→ Task to carry out: Return the first line of the listing below and all the lines after it through the one containing "使用 ezyZip 在线压缩 WEBP 至 1000KB 的分步说明。", exactly, without pictures.

--- --- ---

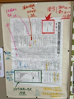 1、2年生のフロアにも趣向を凝らした掲示がなされていますので、1ヶ月後の保護者懇談の折りに、保護者のみなさまにもぜひご覧いただきたいと思います。
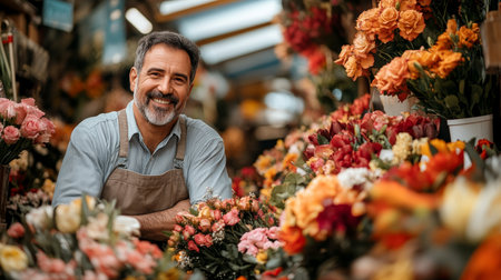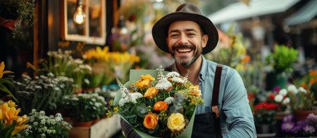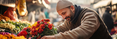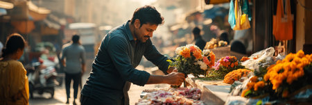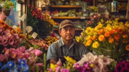 A Latino flower vendor showing his colorful blooms at a bustling street market, his charismatic personality and artistic flair drawing admirers who appreciate the beauty and freshness of his handpicked flowers.
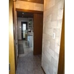 ダークブラウンのフローリングにベージュ系の壁と天井のクロスを貼っていました。
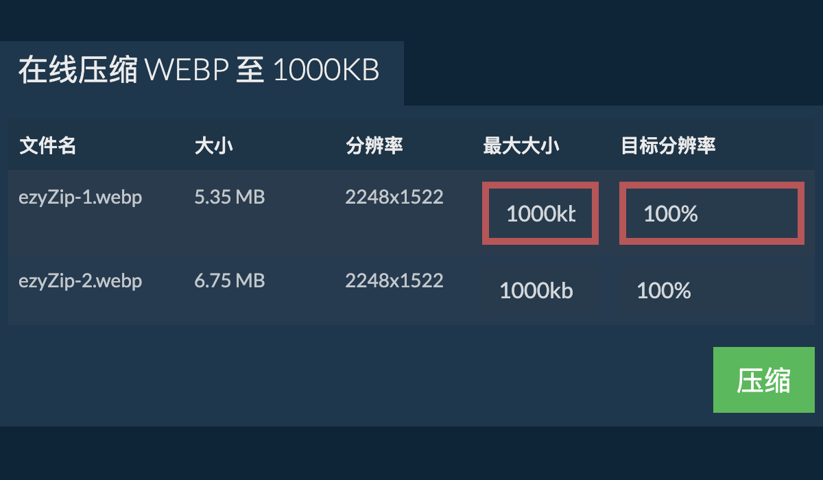 使用 ezyZip 在线压缩 WEBP 至 1000KB 的分步说明。
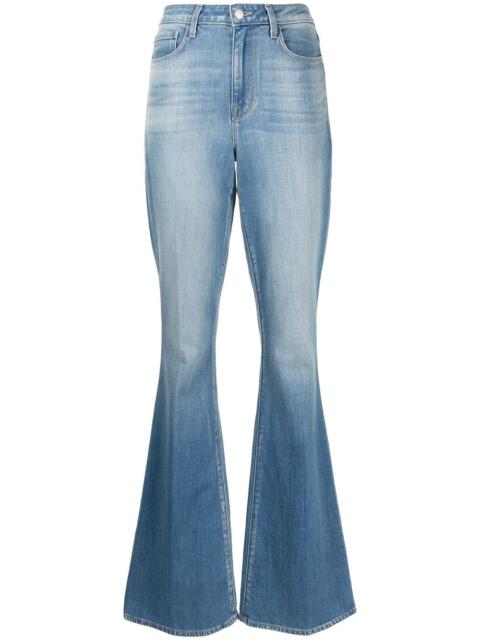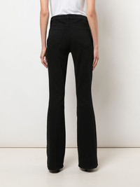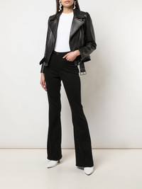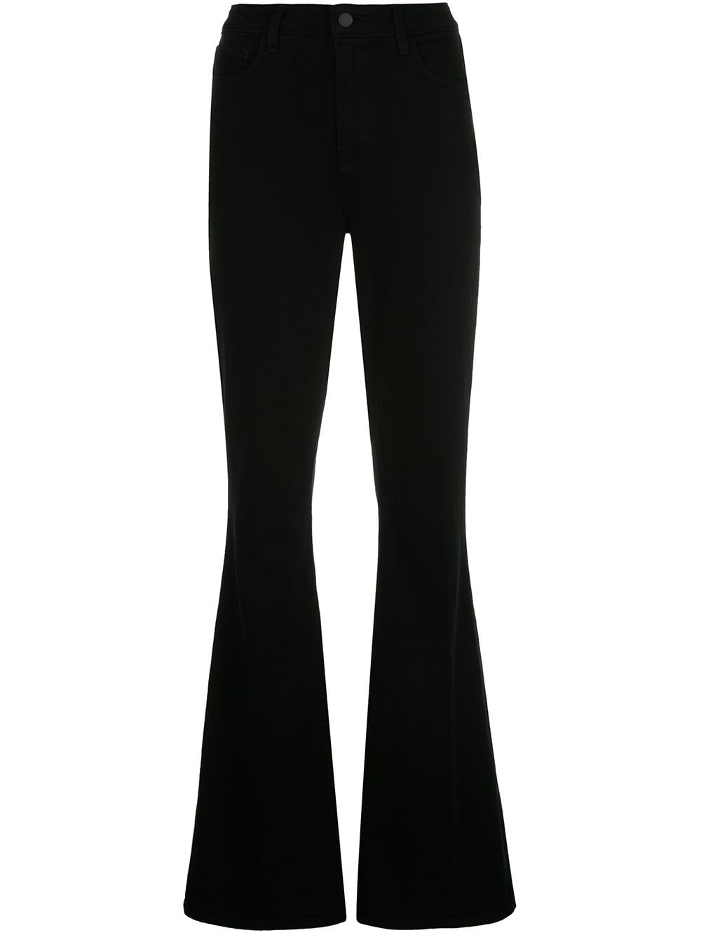 high-rise flared jeans Black cotton-blend high-rise flared jeans from L'Agence featuring a high rise, a flared style, a five pocket design, belt loops and a front fastening. Made in United States Composition Cotton 93%, Polyester 6%, Spandex/Elastane 1% SIZE & FIT Model measurements Height 5 ft 10 in(1.78 m) Bust/Chest 31.88 in(81 cm) Hips 33.85 in(86 cm) Waist 24.01 in(61 cm)
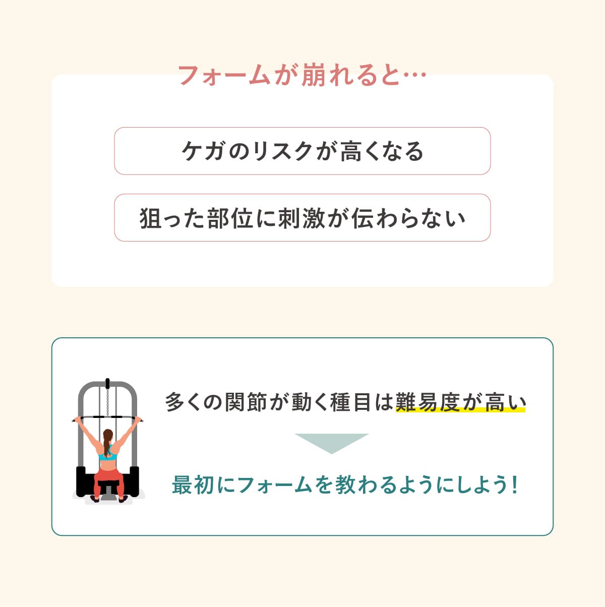 フォームが崩れると狙った部位に効かず、ケガのリスクが高まるため、最初に正しいフォームを身につけることが重要。
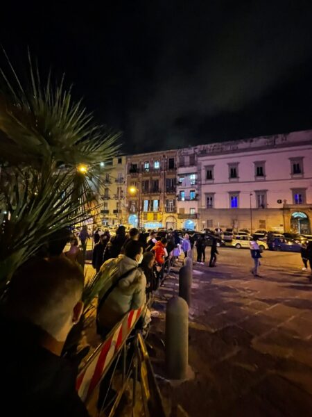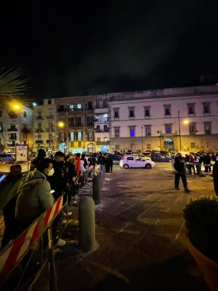 ORE 19.15 – Cresce sempre di più l’attesa per il match che vale un pezzo di scudetto tra Napoli e Milan che si disputerà domani allo stadio Maradona. Sono tanti i tifosi azzurri che hanno deciso di accompagnare la vigilia della squadra di mister Spalletti.
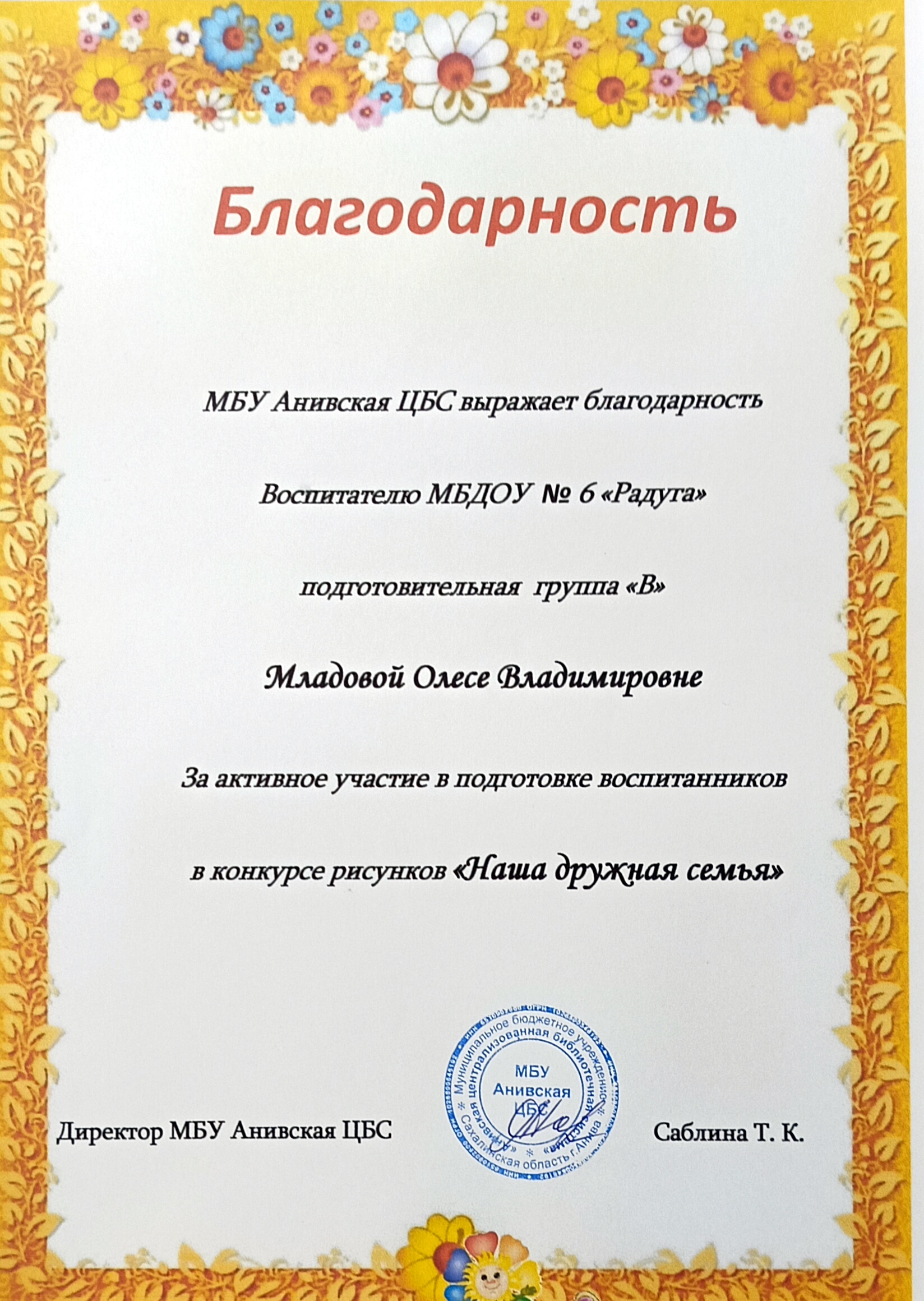 Благодарность МБУ Анивской ЦБС за активное участие в подготовке воспитанников в конкурсе рисунков "Наша дружная семья", 2024 г.

--- --- ---

→ Answer section:
 1、2年生のフロアにも趣向を凝らした掲示がなされていますので、1ヶ月後の保護者懇談の折りに、保護者のみなさまにもぜひご覧いただきたいと思います。
 A Latino flower vendor showing his colorful blooms at a bustling street market, his charismatic personality and artistic flair drawing admirers who appreciate the beauty and freshness of his handpicked flowers.
 ダークブラウンのフローリングにベージュ系の壁と天井のクロスを貼っていました。
 使用 ezyZip 在线压缩 WEBP 至 1000KB 的分步说明。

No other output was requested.